Merial alleged there was an unsubstantiated assignment of
merit given to the Neuraminidase component of Equilis Prequenza which, in
the case of the first item, was in breach of Code of Practice Clauses, 4.5,
5.1 and 5.2 and in the case of the second item, was in breach of Clauses
4.3, 5.1 and 5.2 and in the case of the third item, was in breach of Clause
4.3.
The relevant Code of Practice Clauses are recited below:-
4.3 Information about animal medicines must be
accurate, balanced and must not mislead, either directly or by
implication, so that critical unbiased judgements and decisions can be
made.
4.5 All information included in promotional material
must be capable of substantiation and substantiation must be provided
without delay in response to enquiries.
Such substantiation need not be provided, however, in
relation to the validity of indications approved in the current
marketing authorisation.
5.1 Claims for the usefulness of an animal medicine
must be based on an up-to-date evaluation of all the evidence and must
reflect this evidence accurately and clearly.
5.2 Exaggerated claims must not be made and
all-embracing claims and superlatives avoided. Claims must not imply
that an animal medicine, or an active ingredient, has some special
merit, quality or property unless this can be substantiated.
It was noteworthy that whilst the Complainant alleged a
failure to substantiate the promotion contrary to Clause 4.5 in the case of
the first item, no such allegation was made in the case of items 2 and 3.

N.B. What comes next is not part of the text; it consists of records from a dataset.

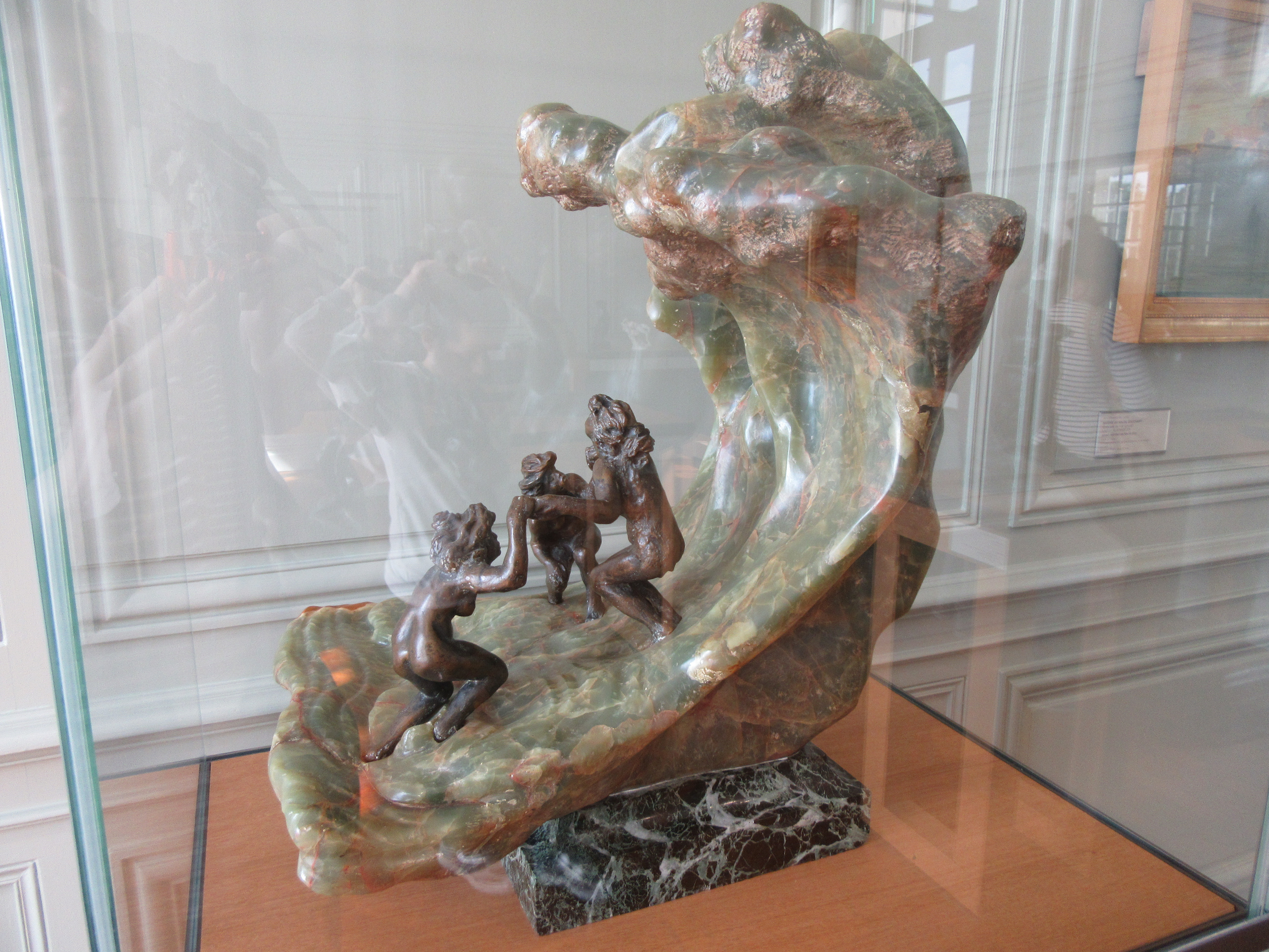 Camille Claudel, The Wave
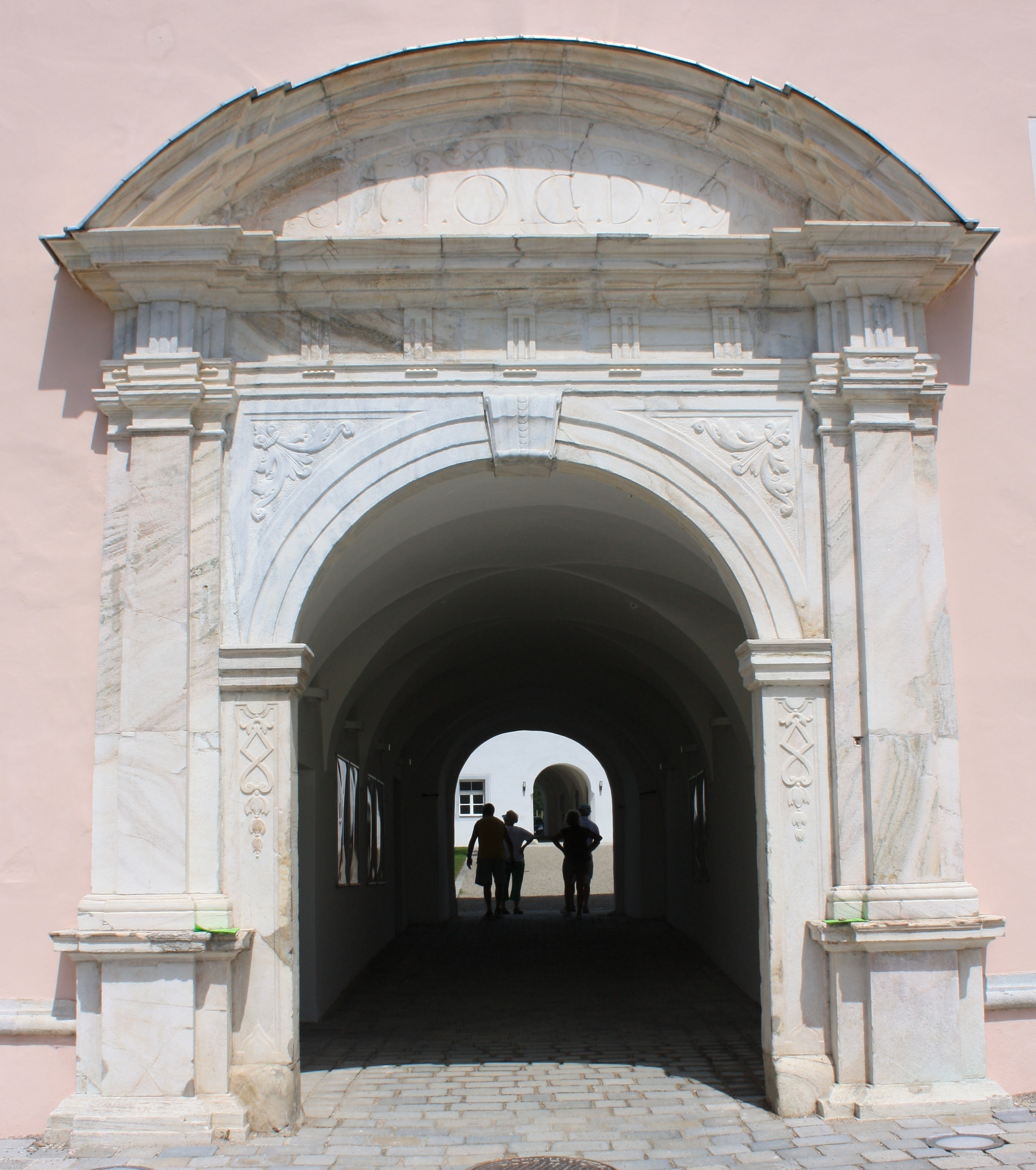 Monastery Ossiach - Main entrance Community:Ossiach District:Feldkirchen State:Carinthia Country:Austria
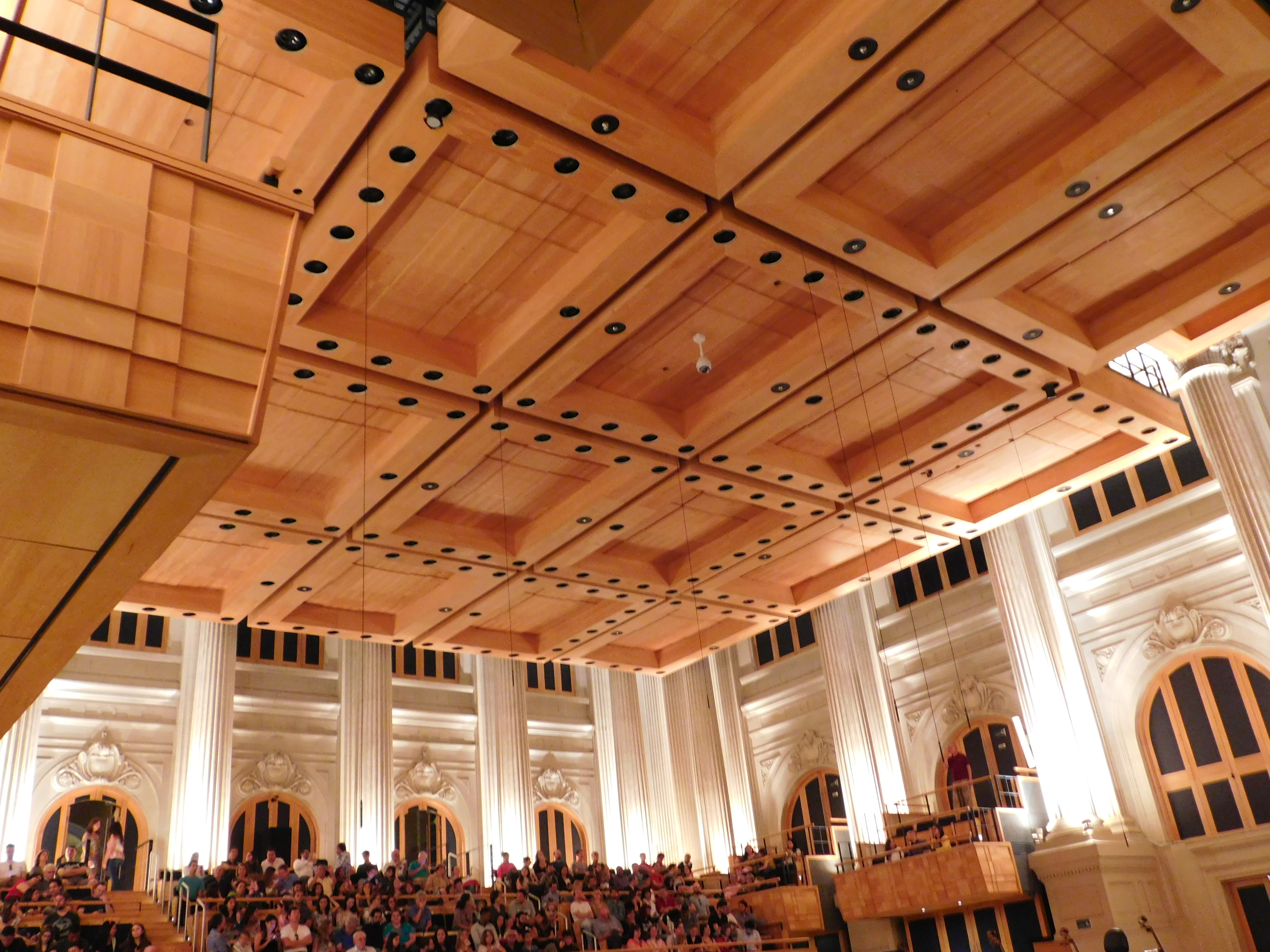 The Júlio Prestes Cultural Center, which is located in the Júlio Prestes Train Station in the old north central section of the city of São Paulo, Brazil, was inaugurated on July 9, 1999. The building has been totally restored and renovated by the São Paulo State Government, as part of the downtown revitalization in that city. It houses the Sala São Paulo, which has a capacity of 1498 seats and is the home of the São Paulo State Symphonic Orchestra (OSESP).
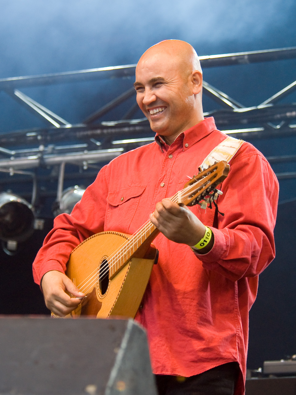 Abderrahmane Abdelli playing Algerian mandole, 0110 concert on 1 November 2006 in Gent, Belgium
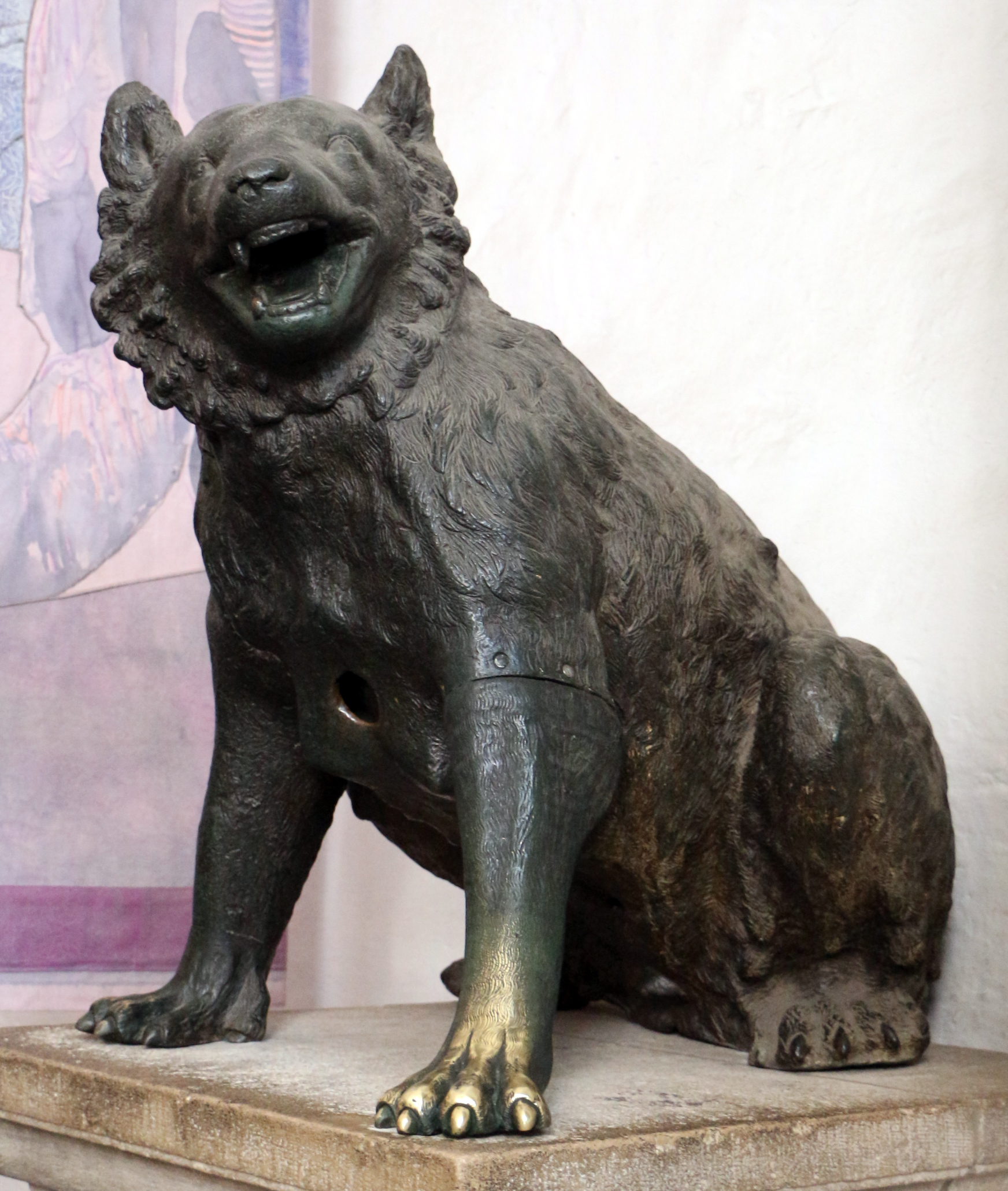 Aachen Cathedral
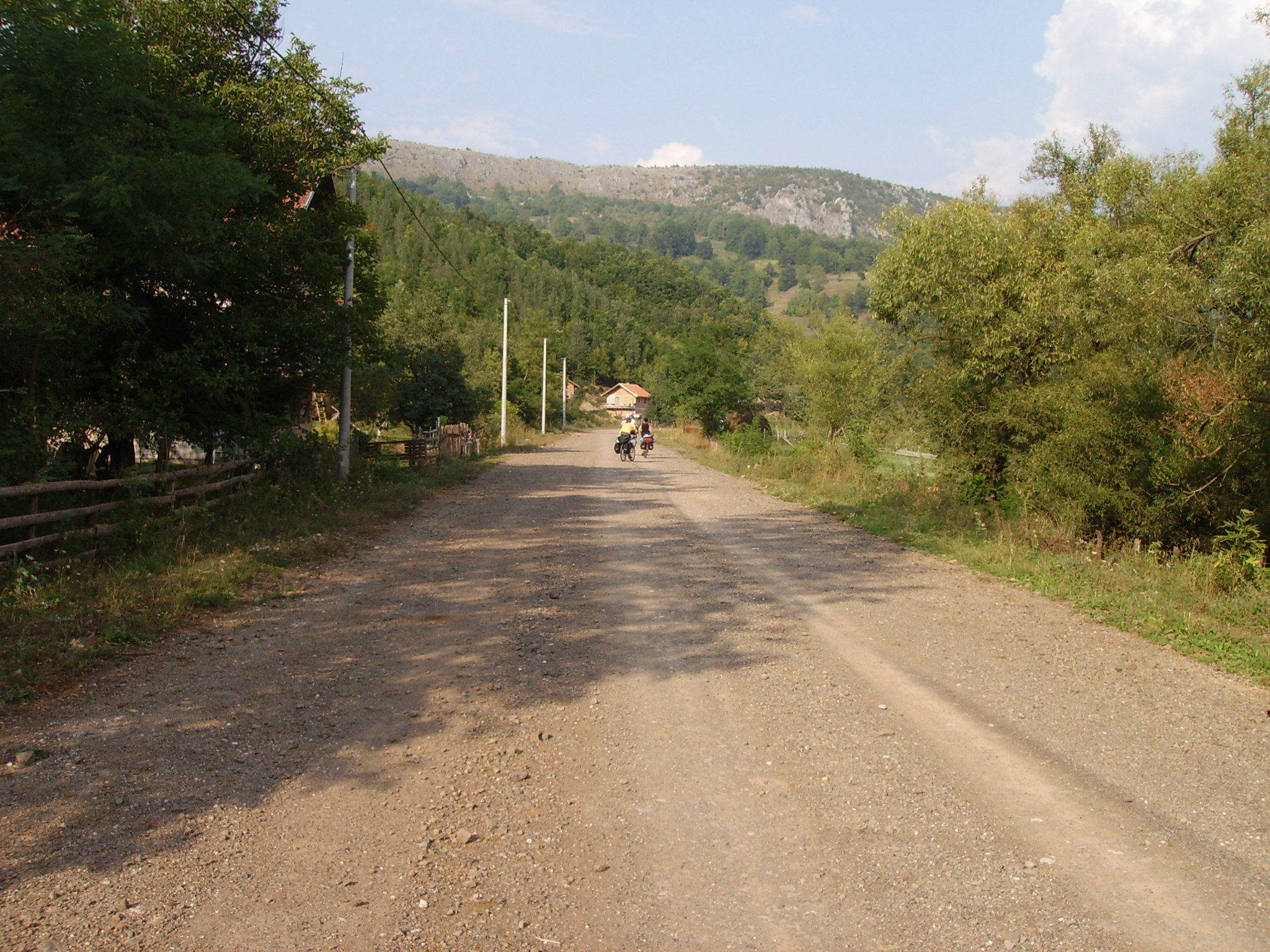 Bosnia, road M5 in the valley of River Prača near Renovica.
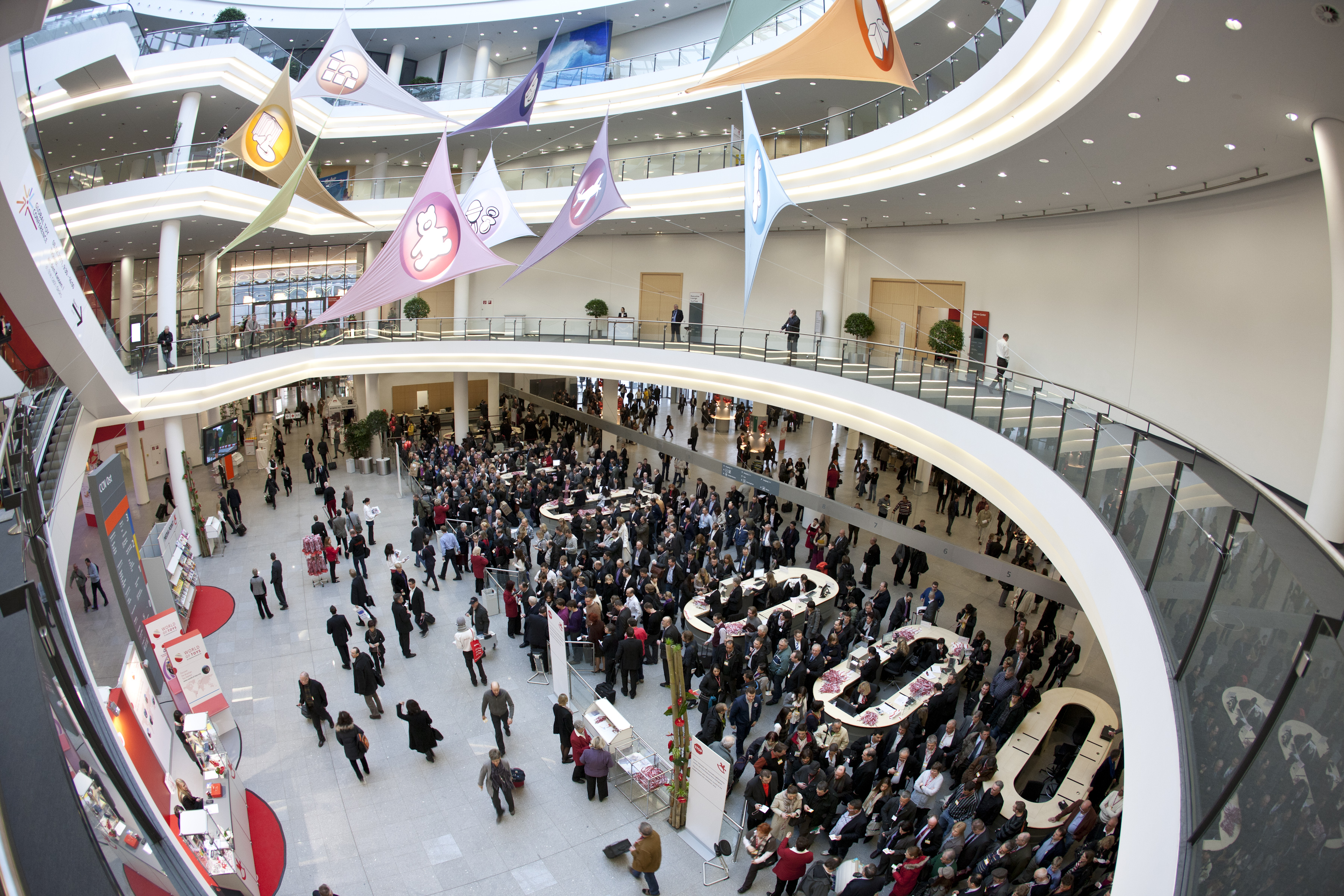 At the Spielwarenmesse International Toy Fair Nürnbgerg 2011.
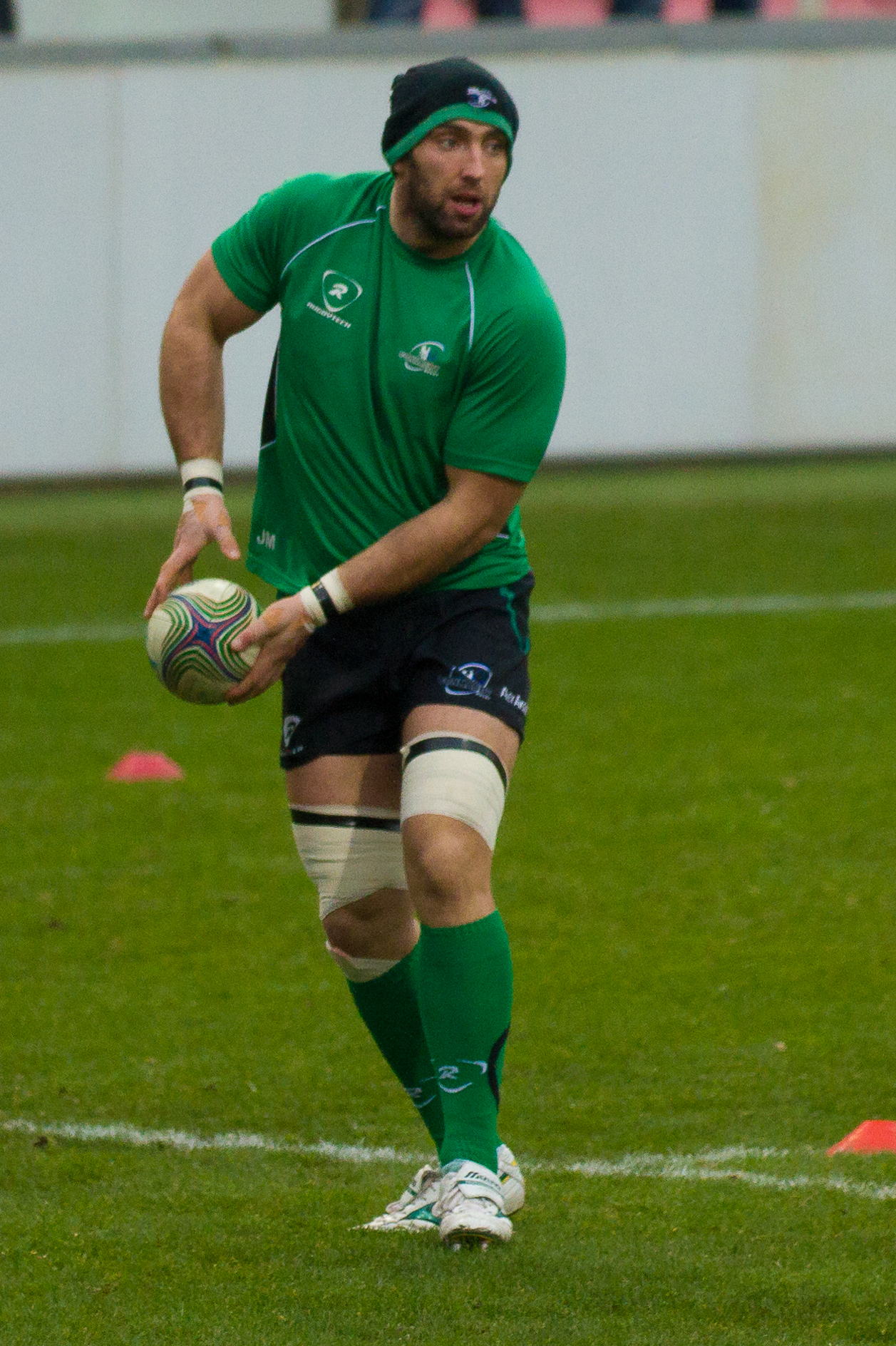 Heineken Cup 2011-2012 — 14 January 2012, Stade Ernest-Wallon. Match between: Stade toulousain — Connacht Rugby

The formal response supplied by the Respondent was very
detailed with many supporting references. Notwithstanding the substantial
amount of technical data supplied, however, two references had not been
supplied which caused concern to some members of the Committee, especially
as there was a lack of challenge data to support the alleged benefit in the
NA component.
The Committee was operating the changed procedure brought
in to the Rules by the 19th Edition of the Code of Practice Rules and
Constitution which took effect in July 2008. Accordingly the Complainant now
had two further rights from that previously enjoyed. That is to say, to
receive a copy of the Respondent’s formal response and further, if the
Complainant so wished, to be represented at the hearing. The Complainant had
chosen not to be represented.
The Chairman, having summarised the Case, a discussion
ensued.
A Member who indicated he had a knowledge and experience
in the equine vaccines referred to, felt that he could give some background
information which would be of use. He said within the influenza vaccine
market, the issues governing equine protection were similar to those within
the human market and that there was always a race to try to cater for the
latest strain. He said that he understood the Complainant, Merial’s, own
vaccine was limited to the element HA, but involved a more recent strain
that the current product in question, which contains both elements HA and
NA. One of the effects of influenza is that with annual protection, vaccines
will generally give different levels of response and provide cover up to a
certain threshold. However, flu viruses shift. Vaccines developed for old
strains may still give some extra protection. He gave a description of the
various recent strains involving Sydney 207 and others, which sometimes can
be expected to follow the same path as earlier strains, but which could
never be guaranteed will be the case. Nevertheless, because of the nature of
shedding and strain development, the horse that had been the subject of
vaccination was likely to get some protection, but how good that protection
would be would depend very much in the shift in the strains and which
particular strain was involved in the influenza infection in question. He
expressed some concern about the description “dual protection”. He accepted
the principle that there may well be some protection and thereby immunity
utilising both elements, but in his belief, it was unclear whether the
Respondent’s product would necessarily give whole protection in the manner
implied by the promotion. The other issue which needed to be considered was
how much benefit could be attributed to NA. A third point was as to what
benefit does it induce – if one looks at two vaccines, one which had HA
alone and one which had HA and NA, would there necessarily be a better
protection with the latter? The references often say “may”, but he did not
feel that it could be said with certainty that in any particular case, that
the inclusion of the element NA would necessarily have a benefit. This was
particularly the case when one relates the alleged claim to emerging strains
which is what is stated in the second promotional piece.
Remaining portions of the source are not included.